The objective of this work was to investigate the application of 2D Time-of-Flight (TOF) magnetic resonance angiography (MRA) to observe the placental vasculature at both 1.5T and 3T.
Methods:
Fifteen appropriate for gestational age (AGA) (GA: 29.7 ± 3.4 weeks; GA range: 23 and 6/7 weeks to 36 and 2/7 weeks) and eleven patients with an abnormal singleton pregnancy (GA: 31.4 ± 4.4 weeks; GA range: 24 weeks to 35 and 2/7 weeks) were recruited in the study. Three AGA patients were scanned twice at different gestational ages. Patients were scanned either at 3T or 1.5T using both T2-HASTE and 2D TOF to image the entire placental vasculature.
Results:
The umbilical vessels, chorionic vessels, stem vessels, arcuate arteries, radial arteries, and spiral arteries were shown in most of the subjects. Hyrtl’s anastomosis was found in two subjects in the 1.5 T data.

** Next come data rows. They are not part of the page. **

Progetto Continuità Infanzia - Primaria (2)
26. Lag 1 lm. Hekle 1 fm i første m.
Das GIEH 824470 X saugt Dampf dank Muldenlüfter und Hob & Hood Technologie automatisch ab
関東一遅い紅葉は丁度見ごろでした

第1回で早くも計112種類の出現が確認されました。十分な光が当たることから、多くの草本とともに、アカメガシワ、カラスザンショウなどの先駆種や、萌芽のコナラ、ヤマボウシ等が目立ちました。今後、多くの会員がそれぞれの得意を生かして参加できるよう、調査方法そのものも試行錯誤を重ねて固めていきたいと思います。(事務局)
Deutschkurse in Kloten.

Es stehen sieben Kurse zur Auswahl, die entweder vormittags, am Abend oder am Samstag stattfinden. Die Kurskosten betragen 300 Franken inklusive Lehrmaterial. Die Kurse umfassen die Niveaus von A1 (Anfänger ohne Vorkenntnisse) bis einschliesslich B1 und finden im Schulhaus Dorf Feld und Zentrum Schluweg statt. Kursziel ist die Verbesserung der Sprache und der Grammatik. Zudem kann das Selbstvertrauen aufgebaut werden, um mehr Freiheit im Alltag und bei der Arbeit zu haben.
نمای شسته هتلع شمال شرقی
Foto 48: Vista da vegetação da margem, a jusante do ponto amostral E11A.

The uterine arteries were observed in more than half of the subjects. For those patients scanned twice, the same spiral arteries were identified in both scans.
Conclusions:
2D TOF is a technique that can be applied in studying the fetal-placental vasculature at both 1.5T and 3T.

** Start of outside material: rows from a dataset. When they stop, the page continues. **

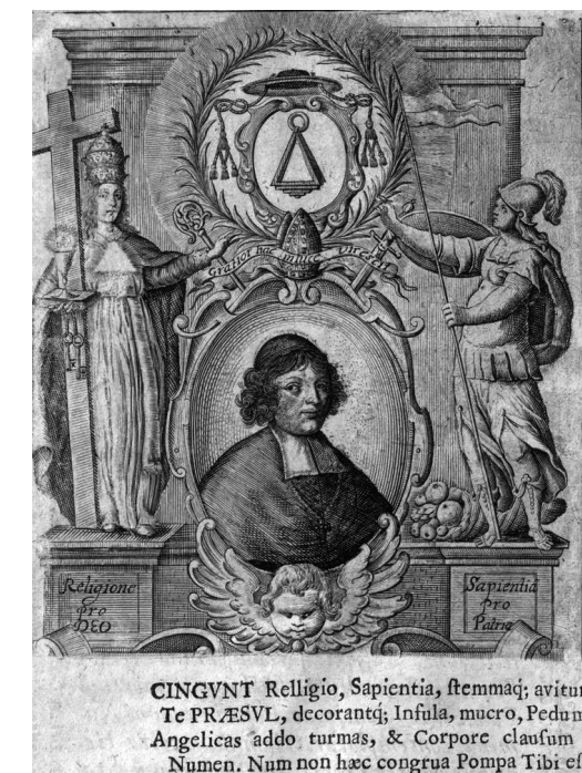
4. Portret biskupa Konstantego Kazimierza Brzostowskiego w panegiriku P. Olekszewskiego Theologicae positiones , 1687 r. Fot. z archiwum autora

z Fałciszewskiego Conclusiones ex universa Theologia , z r. 1673 rycinę, z tą różnicą, że aktualizowano podobiznę duchownego, przedstawiając go już w piusce i z pektorałem, dodano za kartuszem pastorał oraz miecz jako oznaki godności biskupiej, zmieniono także treść inskrypcji objaśniającej. Świadczy to o trwałości i atrakcyjności programu ikonograficznego tego przedstawienia, a nie tylko wygodzie autorów panegiryków z Towarzystwa Jezusowego, co dotąd sugerowano 41 . W wydanym w Wilnie Theologicae positiones de incarnatione verbi de angelis, beatitudine et actibus humanis autorstwa Pawła Olekszewskiego (il. 4), treść podpisu brzmi: „CINGUNT Relligio, Sapientia, stemmaq(ue) avitum / Te PRAESUL, decorant(que), Insula, mucro,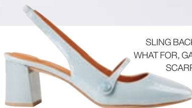
SLING BACK ΓΟΒΑ WHAT FOR, GALLERIA DI SCARPE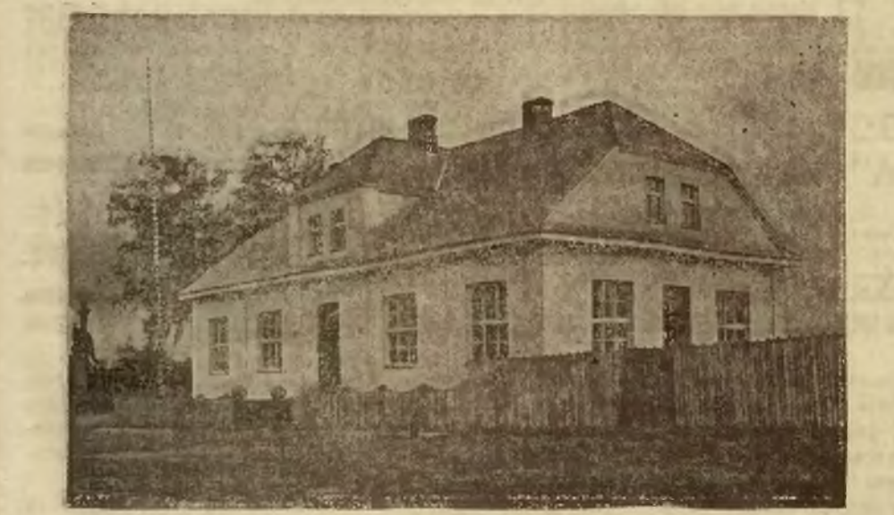
Dom Kasz Stefczyka w Kurzeńcu.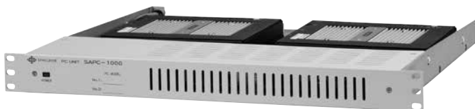
告知放送PCユニット

Keywords: Magnetic resonance angiography, Placental vasculature, Hyrtl’s anastomosis
1. Introduction
The placenta is a fundamental organ that plays an important role in the nutrition supply and respiration of the fetus, supporting normal fetal development throughout the pregnancy [1]. Placental flow and oxygen supply to the tissue increases across gestational age as does blood flow in the arteries and intervillous space [2–4]. The endometrial blood supply of non-pregnant women changes from a few millimeters per minute to 500 millimeters per minute in pregnant women at term [5]. The continuous distension of the uteroplacental arteries during the 2nd and 3rd trimester causes an increase of blood supply favorable to the growth of the placenta and the fetus [6]. To date, 3D/4D ultrasound (US) and spatiotemporal image correlation have been used clinically to evaluate the fetal vasculature [7–9]. However, US is limited by the small field of view (FOV), cross sectional resolution, the presence of bony structures, abnormal fetal position, and maternal obesity.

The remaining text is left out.